We could roughly say that ChatGPT is an upgraded version of GPT-3. But in comparison to the previous GPT versions, this time OpenAI developers not only used more data or just complex model architectures. Instead, they designed an incredible technique that allowed a breakthrough.
In this article, we will talk about RLHF — a fundamental algorithm implemented at the core of ChatGPT that surpasses the limits of human annotations for LLMs. Though the algorithm is based on proximal policy optimization (PPO), we will keep the explanation simple, without going into the details of reinforcement learning, which is not the focus of this article.

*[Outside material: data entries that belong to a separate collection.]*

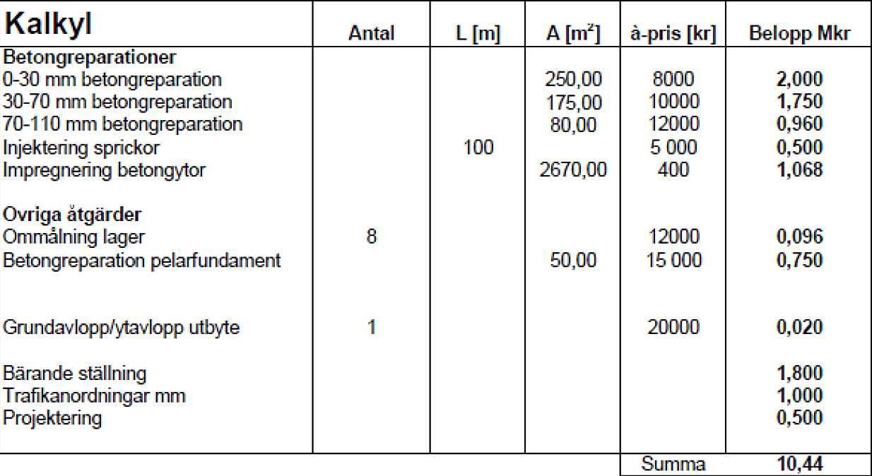 Tidigare kostnadskalkyl från 2020 används för en kostnadsbedömning. Där finns redovisat kostnader för reparation av skador på bron samt kostnad för förstärkning av brobaneplattan. Förstärkning av brobaneplattan bör utföras i samband med utbyte av tätskikt och beläggning och genomföras genom en pågjutning med betong. Pågjutningen armeras för att förstärka överkant brobaneplattan i tvärled. Vi har hämtat kostnader från A-prislista för åtgärder 2023 som finns i BaTMan:s biblioteket för att räkna upp kostnader från 2020.
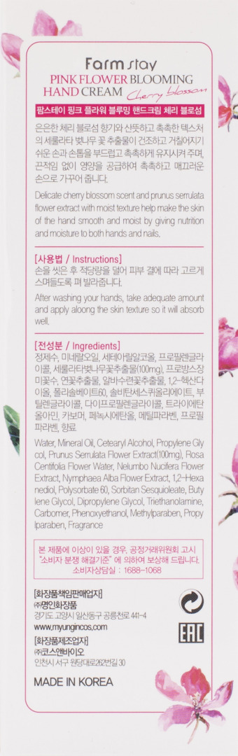 MYUNGIN COSMETICS CO. LTD., 441-4, Gongneungcheon-ro, Ilsandong-gu, Goyang-si, Gyeonggi-do, РЕСП. КОРЕЯ. Серия невероятно весенних, невероятно цветочных кремов для ухода за кожей рук. Текстура крема легкая, освежающая – такая же, как и аромат этого средства. Кожа после применения крема – такая же нежная, как изумительные цветочные лепестки. Кроме цветочных экстрактов в составе кремов ниацинамид (осветление пигментации и выравнивание тона кожи), аденозин (разглаживание морщин), гиалуроновая кислота (интенсивное увлажнение), витамин E ( антиоксидантная защита, предупреждение раннего увядания кожи). Крем для рук с экстрактом лепестков вишневого цвета. Экстракт цветков вишни оказывает увлажняющее, освежающее и тонизирующее действие, обладает противовоспалительными свойствами и помогает справиться с различными раздражениями, устраняет шелушения, смягчает и разглаживает кожу. Способ применения: Нанести на чистую сухую кожу рук мягкими массажными движениями.
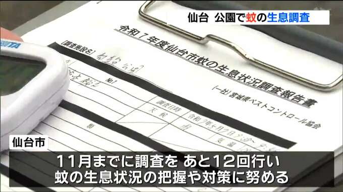 デング熱など、蚊を媒介した感染症への対策に役立てようと、仙台市は7日、公園で蚊の生息状況調査をしました。
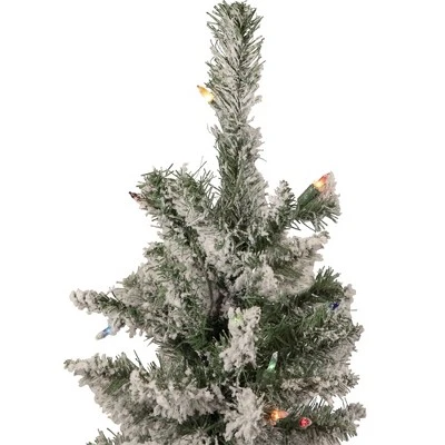 Make your festive season merrier with this flocked pine holiday tree. With beautiful branches and alluring pine needles, the tree ticks off all the boxes of what a focal point piece requires! We bet your guests can’t take their eyes off this beauty!Product Features: Pre-lit with 100 multi lights Multi-color consists of red, green, blue, yellow and orange bulbsBulb size: miniBulb type: incandescent 144 round tips 1.5″ – 2″ wide tips 32″ green lead cord Additional Product Features: Medium profile treeHinged branch constructionLight sets on tree are UL certified and approved for indoor or outdoor use, however the tree itself is recommended for indoor use If one bulb burns out, the rest will stay lit Lights are equipped with Lamp Lock feature, which makes them replaceable, interchangeable and keeps them from falling out2-piece easy assembly (including stand)Comes with replacement bulbs and spare fuses Comes with a plastic tree stand Wire gauge: 22120 volts, 60 hertz, .17 amps, 20.4 watts Dimensions: 3′ high (from the base of stand to the top of the tree)Distance from floor to the first row of branches: 5”25″ base diameter (at the widest point) Material(s): PVC/flocking/plastic/wire/glassNote: Branches are compressed for shipment, and need to be fluffed out upon arrival to look like the photo.
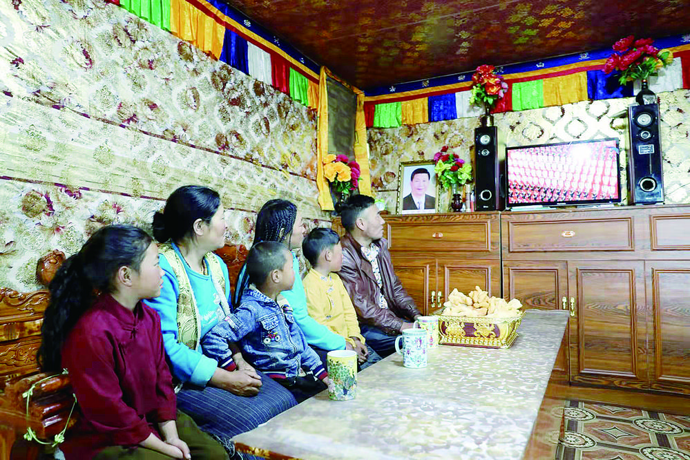 石渠縣蒙宜鎮(zhèn)牧民澤仁巴措一家觀看慶祝大會直播。
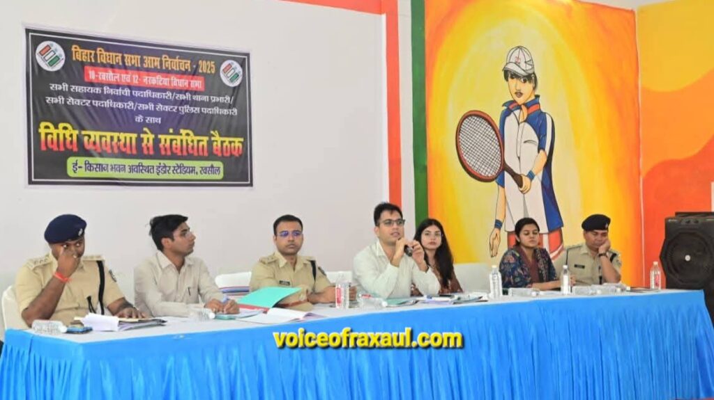 रक्सौल ।(Vor desk)। चुनाव आयोग के निर्देश पर पूर्वी चम्पारण प्रशासन ने बिहार विधानसभा की चुनावी तैयारी तेज कर दी है।इसी क्रम में बुधवार को रक्सौल के इनडोर स्टेडियम में पूर्वी चंपारण के जिला निर्वाचन पदाधिकारी सह जिलाधिकारी सौरभ जोरवाल और एसपी स्वर्ण प्रभात के नेतृत्व में 10- रक्सौल एवं 12-नरकटिया विधानसभा क्षेत्र के चुनाव की तैयारी के मद्देनजर समीक्षा बैठक आयोजित की गई,जिसमे निर्वाची पदाधिकारी ,सहायक निर्वाची पदाधिकारी, सेक्टर पदाधिकारी एवं सेक्टर पुलिस पदाधिकारी मौजूद रहे।

NLP development before ChatGPT
To better dive into the context, let us remind ourselves how LLMs were developed in the past, before ChatGPT. In most cases, LLM development consisted of two stages:
Pre-training includes language modeling — a task in which a model tries to predict a hidden token in the context. The probability distribution produced by the model for the hidden token is then compared to the ground truth distribution for loss calculation and further backpropagation. In this way, the model learns the semantic structure of the language and the meaning behind words.
If you want to learn more about pre-training & fine-tuning framework, check out my article about BERT.
After that, the model is fine-tuned on a downstream task, which might include different objectives: text summarization, text translation, text generation, question answering, etc. In many situations, fine-tuning requires a human-labeled dataset, which should preferably contain enough text samples to allow the model to generalize its learning well and avoid overfitting.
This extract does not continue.